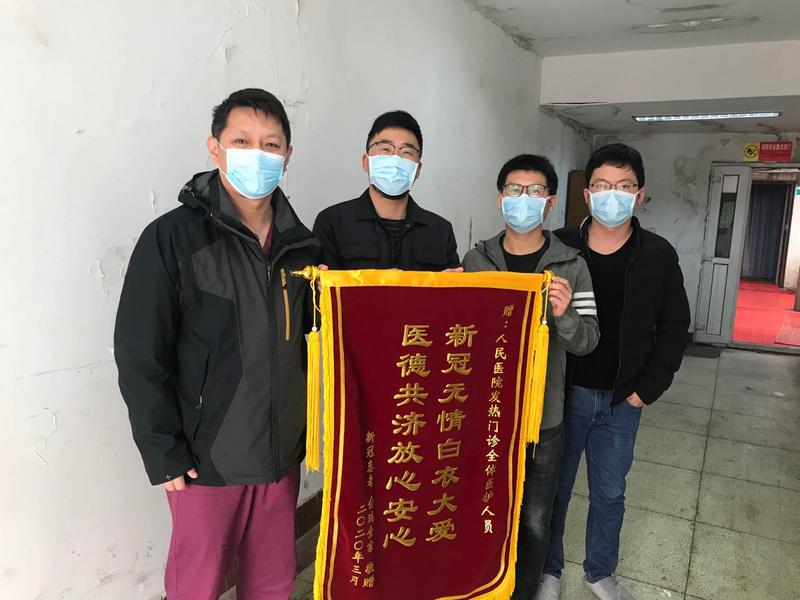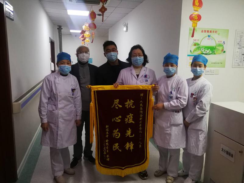 4月1日、2日,康復(fù)的新冠肺炎感染者俞先生專程趕到市人民醫(yī)院,向發(fā)熱門診和全科醫(yī)學(xué)科的醫(yī)護(hù)工作者送來了“新冠無情白衣大愛 醫(yī)德共濟(jì)放心安心”、“抗疫先鋒 盡心為民”的錦旗,以此感謝醫(yī)務(wù)人員在其夫妻被確診的過程中給予他們的無微不至的關(guān)懷與照顧。
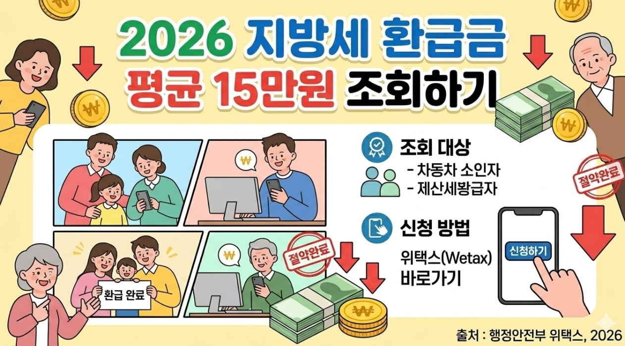 물가 상승으로 지출이 늘어나는 요즘, 본인도 모르게 잠자고 있는 돈이 있다는 사실을 알고 계신가요? 행정안전부 발표에 따르면 주인에게 돌아가지 못한 지방세 환급금이 매년 수천억 원에 달한다고 합니다. 특히 자동차세를 연납했거나 소득세 환급을 받으신 분들이라면 반드시 확인해야 합니다. 오늘은 2026년 기준, 스마트폰 하나로 지방세 환급금 조회를 완료하고 즉시 입금받는 신청 방법을 완벽 정리해 드립니다. (출처: 행정안전부 위택스, 2026)
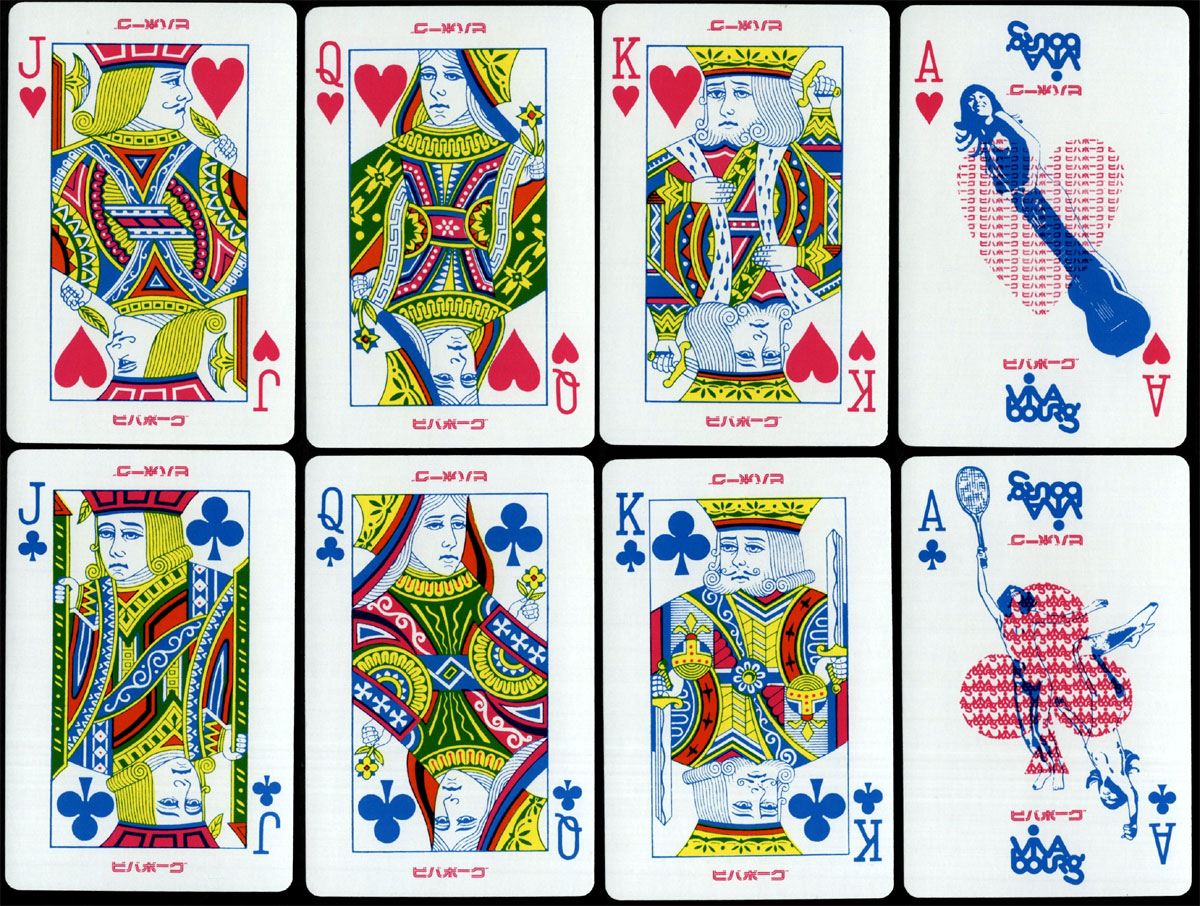 Advertising playing cards for a Japanese fashion house, with reversed colours.

=====

Task description:
A word-for-word retyping of the material above is expected, without pictures.

Solution to this task:
 4月1日、2日,康復(fù)的新冠肺炎感染者俞先生專程趕到市人民醫(yī)院,向發(fā)熱門診和全科醫(yī)學(xué)科的醫(yī)護(hù)工作者送來了“新冠無情白衣大愛 醫(yī)德共濟(jì)放心安心”、“抗疫先鋒 盡心為民”的錦旗,以此感謝醫(yī)務(wù)人員在其夫妻被確診的過程中給予他們的無微不至的關(guān)懷與照顧。
 물가 상승으로 지출이 늘어나는 요즘, 본인도 모르게 잠자고 있는 돈이 있다는 사실을 알고 계신가요? 행정안전부 발표에 따르면 주인에게 돌아가지 못한 지방세 환급금이 매년 수천억 원에 달한다고 합니다. 특히 자동차세를 연납했거나 소득세 환급을 받으신 분들이라면 반드시 확인해야 합니다. 오늘은 2026년 기준, 스마트폰 하나로 지방세 환급금 조회를 완료하고 즉시 입금받는 신청 방법을 완벽 정리해 드립니다. (출처: 행정안전부 위택스, 2026)
 Advertising playing cards for a Japanese fashion house, with reversed colours.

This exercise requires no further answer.